With six years in opposition, one would expect that the politicians and the party brains-trusts would have had some policies prepared, more so since it was pretty obvious that Labour had shot itself in the foot and would be handing over power. But NO!!! Nothing had been prepared. It took more than two months for Tony to call Parliament together.

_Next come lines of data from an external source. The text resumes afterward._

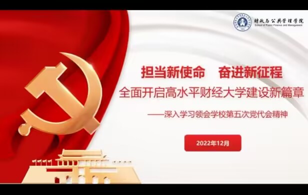 2022年12月15日,财政与公共管理学院研究生第二党支部在腾讯会议上开展主题党日活动,深入学习领会学校第五次党代会精神。活动由支部书记毛丹主持,研二党小组李政豪同志担任主讲。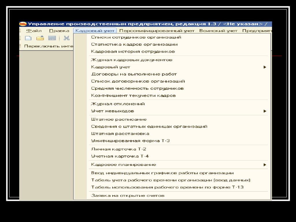 «1С: Управление производственным предприятием 8»включает в себя подсистему учета персонала,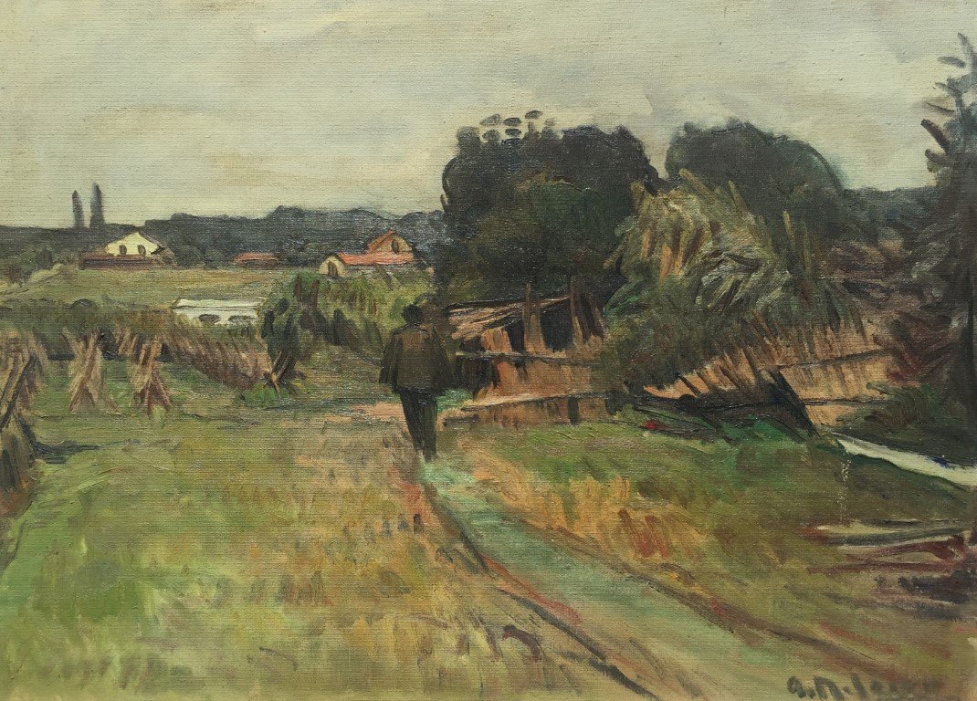 RIBEIRO, Alceu (escuela uruguaya, 1919-2013). Óleo sobre tela. «Paisaje de campo.» Firmado abajo a la derecha. 56 x 66 cm.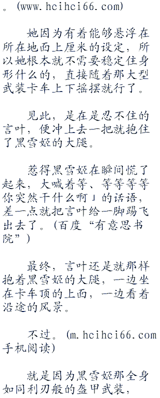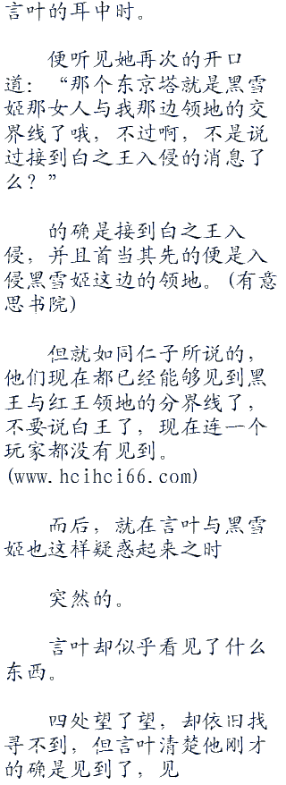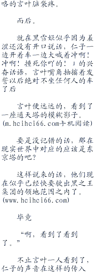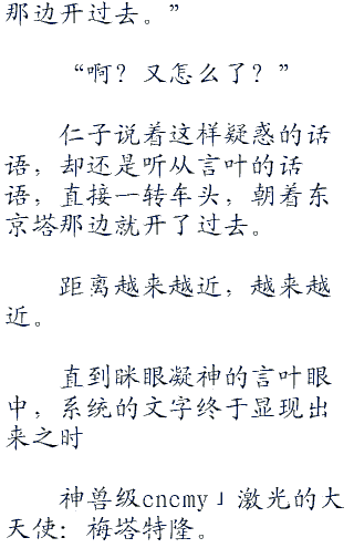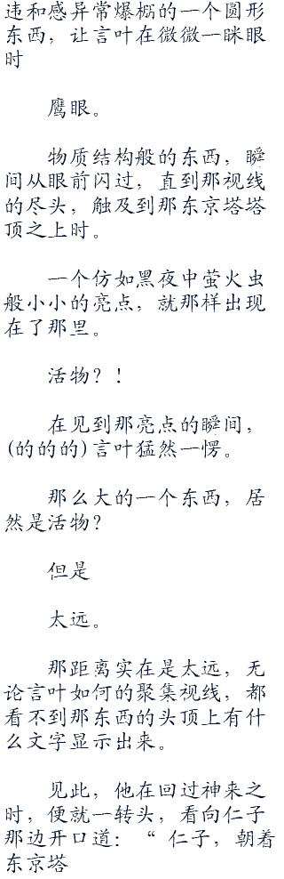 (ps:一直想发个通告,结果一直忘记了,嘛,也不算是通告,就是啊...在一个星期之前的时候,我和群里的某只逗比聊了会,也就是关于这本书的,怎么说呢...我现在的这本书呢...少了某些东西,具体也说不出来,但是现在的世界没有了以前sao之时的感觉,他说我这本书写的最好的就是sao篇了,后面的不知道为什么的总感觉缺了些什么。看◇毛◇线◇小◇说

Having opposed everything in opposition, he is enraged that Labour has the temerity of sticking to its guns, supporting the ideas and aspirations of those who stuck to Labour and voted for them in the election. He is finding that unlike his colleagues, his opponents will just not roll over and cowtow to his dictates. He is finding that a logical, reasoned argument, rather than bullying stand-over tactics are required in civilised negotiations – in both National & International politics!!! Ham-fisted & foot-in-mouth, Tony is probably pining to be once again leader of the opposition, where all he had to do was to be every man’s Mate, and put on a reflective safety vest, shake hands, smile a cheesy false grin and say NO!!!
One of the scary factors sufacing is the duplicity which is being displayed. During the election, he gave the people the impression that he was supporting some of Labour’s policies. Now it is emerging that he and Christopher were using well thought out weasel words, to intentionally mislead the public. Once again the coalition are resorting to distinguishing between “Core & Non-core Promises”
Unless he and his so-called team (of cowering lap dogs, not hearty Huskies) come up with something positive for the country, I give him twelve months!!! The Public will get to questioning; the press will get critical and his colleagues will get cold feet – seeing the light – AT LAST!!!
As you may gather, I have been a Jesuit-trained Catholic Australian worker for most of my life. I have little love of exploiters of people. I definitely despise duplicity!!! Vive La France! Vive Le Revolution!